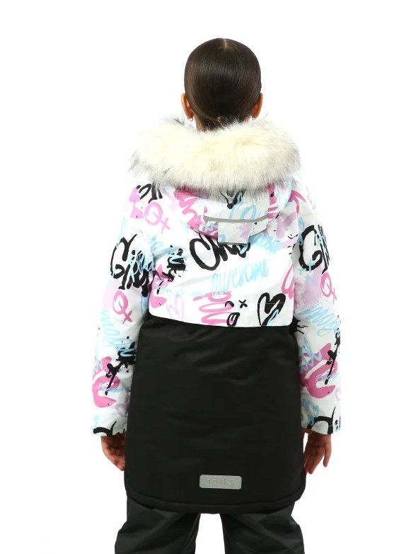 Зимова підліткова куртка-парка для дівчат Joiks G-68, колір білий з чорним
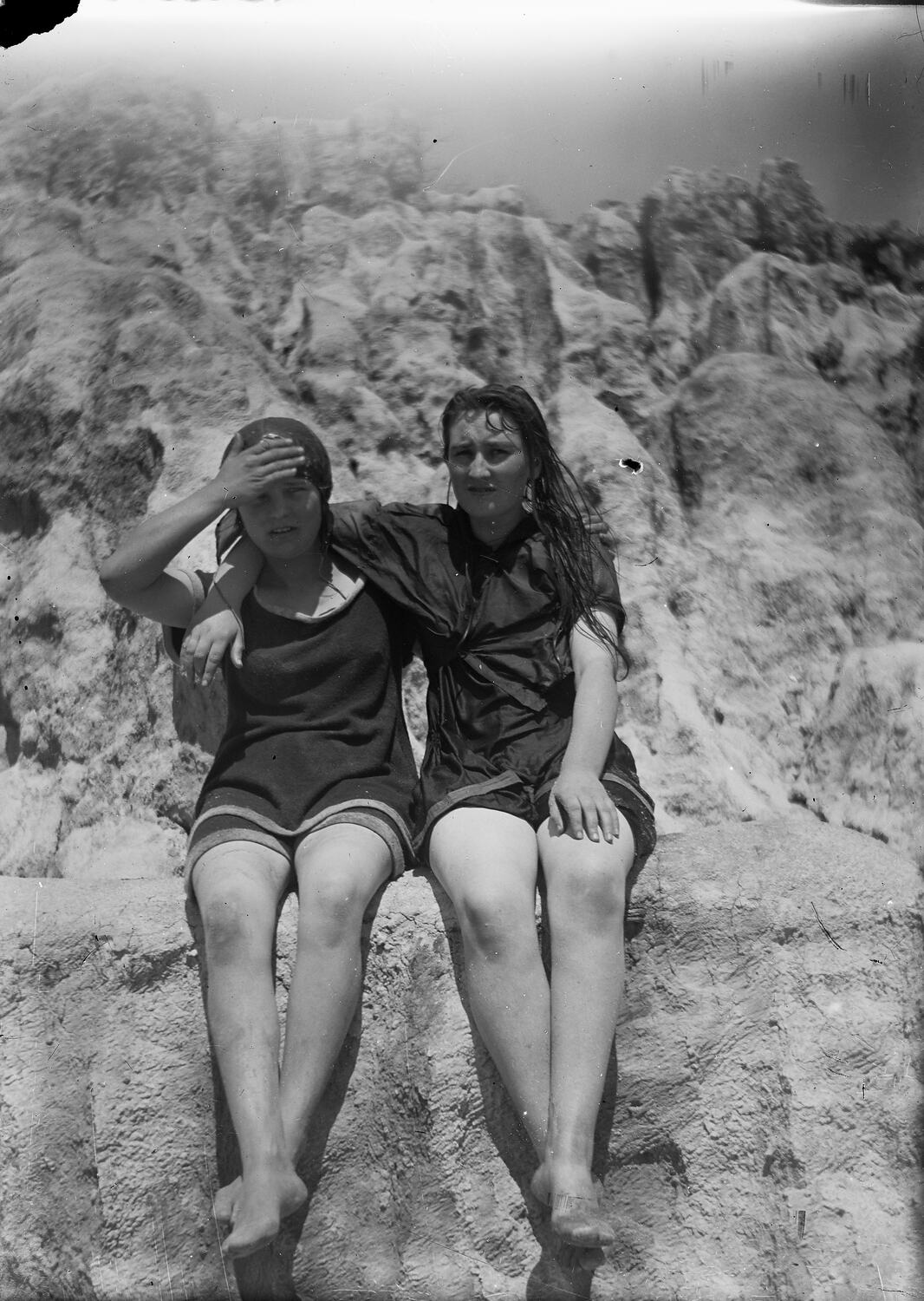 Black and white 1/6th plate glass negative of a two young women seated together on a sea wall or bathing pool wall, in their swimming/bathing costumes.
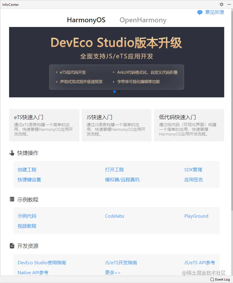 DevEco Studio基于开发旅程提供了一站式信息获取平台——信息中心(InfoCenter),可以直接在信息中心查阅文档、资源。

--

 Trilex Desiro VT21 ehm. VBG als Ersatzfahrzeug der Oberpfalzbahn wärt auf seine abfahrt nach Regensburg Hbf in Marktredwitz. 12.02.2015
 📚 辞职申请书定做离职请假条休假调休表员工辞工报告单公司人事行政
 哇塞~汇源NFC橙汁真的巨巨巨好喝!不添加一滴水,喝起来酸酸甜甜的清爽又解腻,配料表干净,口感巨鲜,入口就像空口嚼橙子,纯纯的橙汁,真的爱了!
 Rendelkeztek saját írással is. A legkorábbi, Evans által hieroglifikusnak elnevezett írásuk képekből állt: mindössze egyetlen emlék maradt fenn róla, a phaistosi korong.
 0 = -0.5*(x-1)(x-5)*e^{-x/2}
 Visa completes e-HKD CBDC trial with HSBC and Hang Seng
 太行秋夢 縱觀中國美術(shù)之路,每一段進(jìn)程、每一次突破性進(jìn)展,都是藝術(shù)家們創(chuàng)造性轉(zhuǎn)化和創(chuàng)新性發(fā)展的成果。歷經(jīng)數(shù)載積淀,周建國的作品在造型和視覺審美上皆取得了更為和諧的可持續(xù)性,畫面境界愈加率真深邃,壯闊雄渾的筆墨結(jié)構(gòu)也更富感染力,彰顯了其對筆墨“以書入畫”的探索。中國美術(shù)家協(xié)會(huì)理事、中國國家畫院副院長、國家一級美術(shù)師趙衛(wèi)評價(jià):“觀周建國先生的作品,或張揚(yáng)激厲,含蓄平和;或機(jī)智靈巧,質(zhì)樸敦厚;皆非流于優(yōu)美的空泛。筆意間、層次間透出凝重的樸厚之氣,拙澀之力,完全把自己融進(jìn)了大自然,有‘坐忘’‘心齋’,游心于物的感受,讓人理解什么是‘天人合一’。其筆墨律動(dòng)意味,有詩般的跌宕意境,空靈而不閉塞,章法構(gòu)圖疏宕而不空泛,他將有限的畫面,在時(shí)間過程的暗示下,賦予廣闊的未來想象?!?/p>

...

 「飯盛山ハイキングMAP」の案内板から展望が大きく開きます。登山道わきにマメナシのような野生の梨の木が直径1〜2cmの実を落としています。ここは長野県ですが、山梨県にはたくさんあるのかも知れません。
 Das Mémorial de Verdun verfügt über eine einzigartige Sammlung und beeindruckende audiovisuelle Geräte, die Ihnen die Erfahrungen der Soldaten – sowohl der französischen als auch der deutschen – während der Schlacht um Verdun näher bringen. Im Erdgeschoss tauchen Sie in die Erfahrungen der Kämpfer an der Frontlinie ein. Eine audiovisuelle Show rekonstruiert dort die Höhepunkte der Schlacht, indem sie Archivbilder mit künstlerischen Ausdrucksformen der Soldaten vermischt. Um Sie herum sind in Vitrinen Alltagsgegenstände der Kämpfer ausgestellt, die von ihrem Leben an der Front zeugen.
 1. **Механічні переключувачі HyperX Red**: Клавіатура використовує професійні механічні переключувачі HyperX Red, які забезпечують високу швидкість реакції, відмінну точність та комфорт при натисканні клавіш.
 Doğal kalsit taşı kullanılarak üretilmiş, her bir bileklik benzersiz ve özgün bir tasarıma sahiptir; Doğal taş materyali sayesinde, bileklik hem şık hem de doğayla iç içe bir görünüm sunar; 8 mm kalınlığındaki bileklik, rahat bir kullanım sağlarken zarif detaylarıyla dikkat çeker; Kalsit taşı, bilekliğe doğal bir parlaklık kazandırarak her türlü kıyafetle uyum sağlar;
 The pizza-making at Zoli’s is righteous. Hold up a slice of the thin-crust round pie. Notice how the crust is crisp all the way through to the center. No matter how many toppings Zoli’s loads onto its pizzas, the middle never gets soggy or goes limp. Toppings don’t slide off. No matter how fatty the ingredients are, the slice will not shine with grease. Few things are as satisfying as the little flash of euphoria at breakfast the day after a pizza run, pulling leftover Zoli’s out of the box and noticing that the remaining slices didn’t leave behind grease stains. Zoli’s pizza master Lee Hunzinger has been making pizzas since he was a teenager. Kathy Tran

* Requirement
Your answer must be the lines above from the one containing "Trilex Desiro VT21" to the one containing "太行秋夢 縱觀中國美術(sh", both included, restated word for word.

* Task solution
 Trilex Desiro VT21 ehm. VBG als Ersatzfahrzeug der Oberpfalzbahn wärt auf seine abfahrt nach Regensburg Hbf in Marktredwitz. 12.02.2015
 📚 辞职申请书定做离职请假条休假调休表员工辞工报告单公司人事行政
 哇塞~汇源NFC橙汁真的巨巨巨好喝!不添加一滴水,喝起来酸酸甜甜的清爽又解腻,配料表干净,口感巨鲜,入口就像空口嚼橙子,纯纯的橙汁,真的爱了!
 Rendelkeztek saját írással is. A legkorábbi, Evans által hieroglifikusnak elnevezett írásuk képekből állt: mindössze egyetlen emlék maradt fenn róla, a phaistosi korong.
 0 = -0.5*(x-1)(x-5)*e^{-x/2}
 Visa completes e-HKD CBDC trial with HSBC and Hang Seng
 太行秋夢 縱觀中國美術(shù)之路,每一段進(jìn)程、每一次突破性進(jìn)展,都是藝術(shù)家們創(chuàng)造性轉(zhuǎn)化和創(chuàng)新性發(fā)展的成果。歷經(jīng)數(shù)載積淀,周建國的作品在造型和視覺審美上皆取得了更為和諧的可持續(xù)性,畫面境界愈加率真深邃,壯闊雄渾的筆墨結(jié)構(gòu)也更富感染力,彰顯了其對筆墨“以書入畫”的探索。中國美術(shù)家協(xié)會(huì)理事、中國國家畫院副院長、國家一級美術(shù)師趙衛(wèi)評價(jià):“觀周建國先生的作品,或張揚(yáng)激厲,含蓄平和;或機(jī)智靈巧,質(zhì)樸敦厚;皆非流于優(yōu)美的空泛。筆意間、層次間透出凝重的樸厚之氣,拙澀之力,完全把自己融進(jìn)了大自然,有‘坐忘’‘心齋’,游心于物的感受,讓人理解什么是‘天人合一’。其筆墨律動(dòng)意味,有詩般的跌宕意境,空靈而不閉塞,章法構(gòu)圖疏宕而不空泛,他將有限的畫面,在時(shí)間過程的暗示下,賦予廣闊的未來想象?!?/p>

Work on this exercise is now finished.